2 Filet Mignon ( or your beef of choice), cut into pieces
1 8-10 oz block of Gorgonzola Cheese, crumbled

1 pint of Heavy Cream
1-1/2 Cups of milk
2 Table Spoons of Flour
1 Stick of Butter
1 cup shredded Parmesan Cheese
Freshly Ground Pepper
1 small Onion, minced
2 tablespoons of Garlic
2 tablespoons of Fresh Chopped Basil
1 box Linguine Pasta
1 package of Baby Portabella Mushrooms, washed sliced
3 tablespoons Olive Oil
Lawry's Seasoning Salt

Melt butter in a large saucepan , once melted whisk in flour and keep whisking constantly until smooth. Keep whisking in the heavy cream, bring to a boil, and keep whisking for about 3 minutes or more, until sauce thickens. Add and milk and continue to whisk at medium heat. Add Garlic and freshly chopped basil, dried is also fine if you don't have fresh on hand! Crumble the Gorgonzola, add in parmesan cheese and stir into the sauce until combined, and sauce is thick, and set on back burner with the heat off.
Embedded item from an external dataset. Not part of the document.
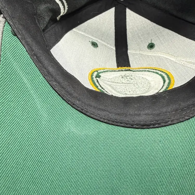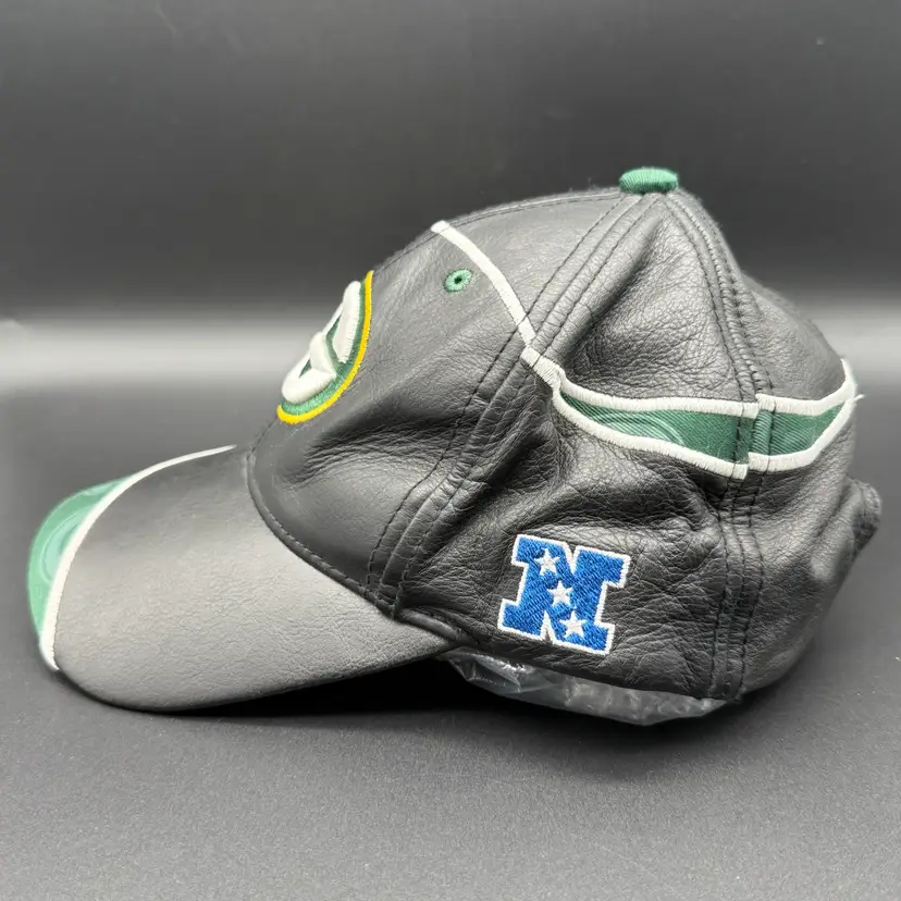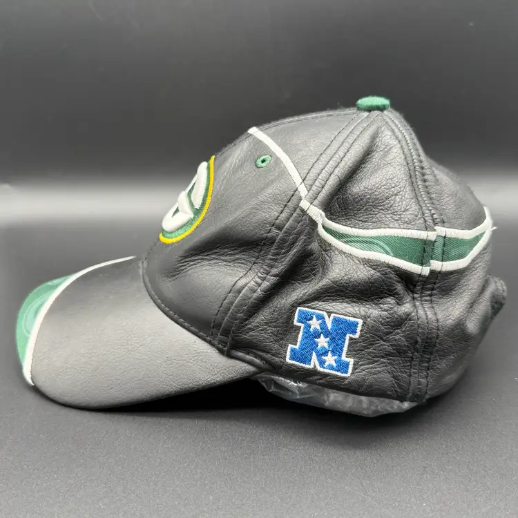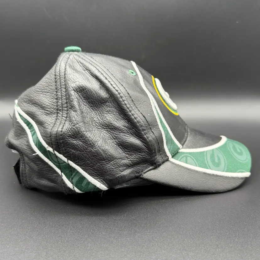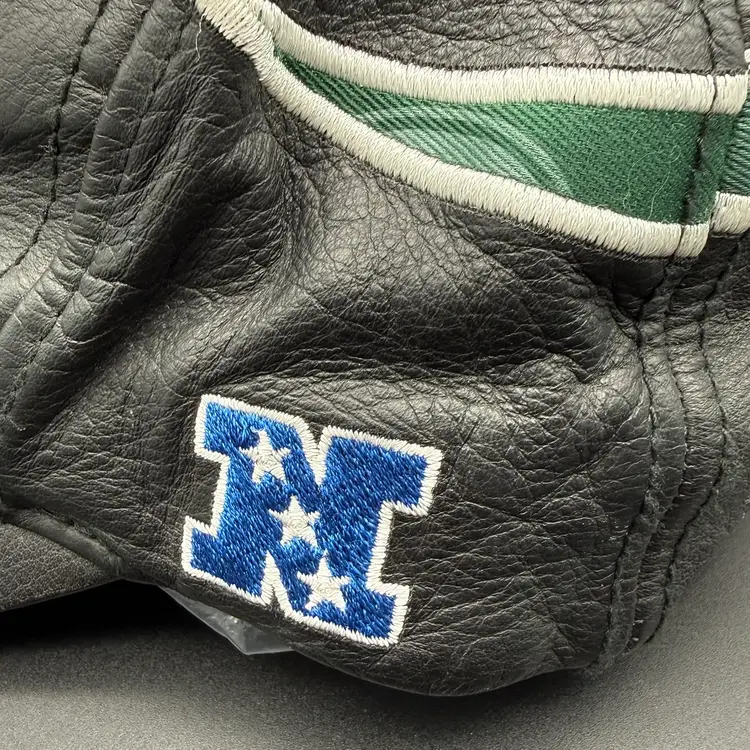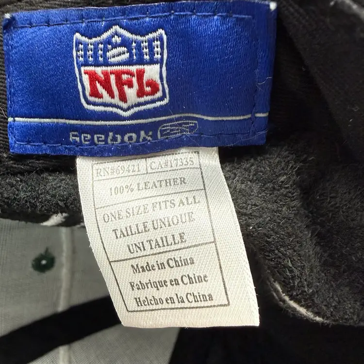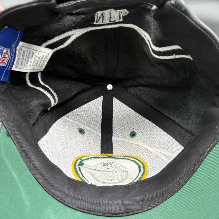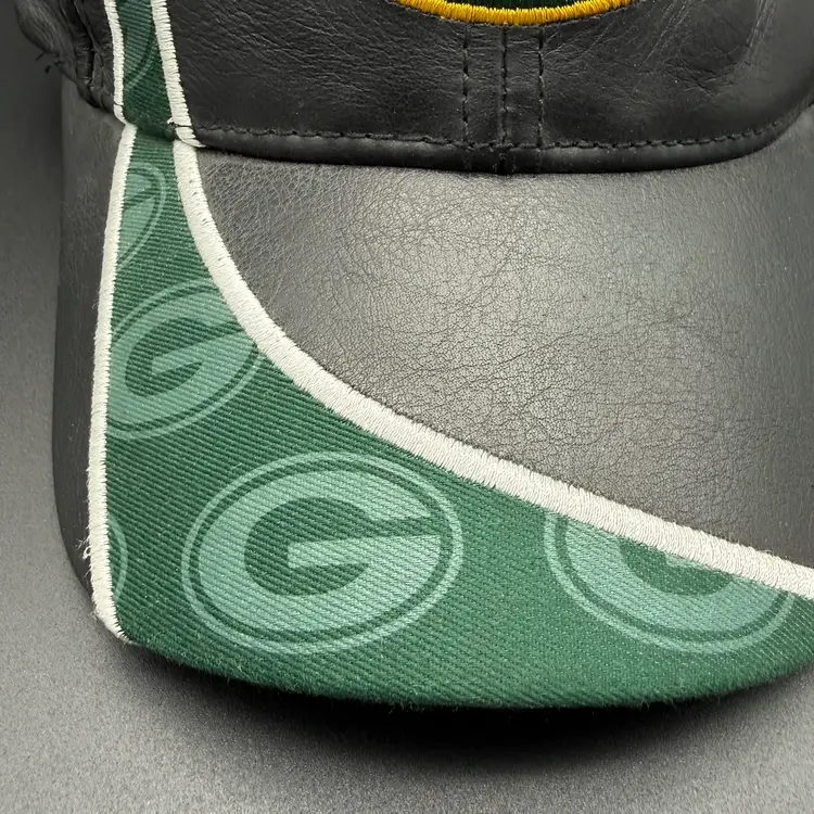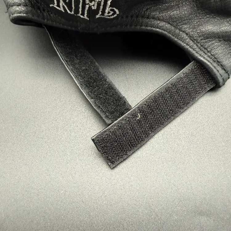 Great Condition. There is a small spot of wear on the underside of the bill, see photos. Clean; No odors, stains, rips or tears. Made in China. One Size Fits All. 100% Leather. Hook & Loop Closure.

Boil water for pasta, cook according to directions and drain.

In another pan, add olive oil, tenderloin pieces and onions. Sprinkle Lawry's seasoning salt over the meat. Cook for about 3 minutes, and add onions and mushrooms and cook for another 5 minutes or until done. Add the steak and mushrooms to the gorgonzola sauce, warm up if needed, and add to linguine. Garnish with parmesan and bail, and freshly ground pepper :) Enjoy!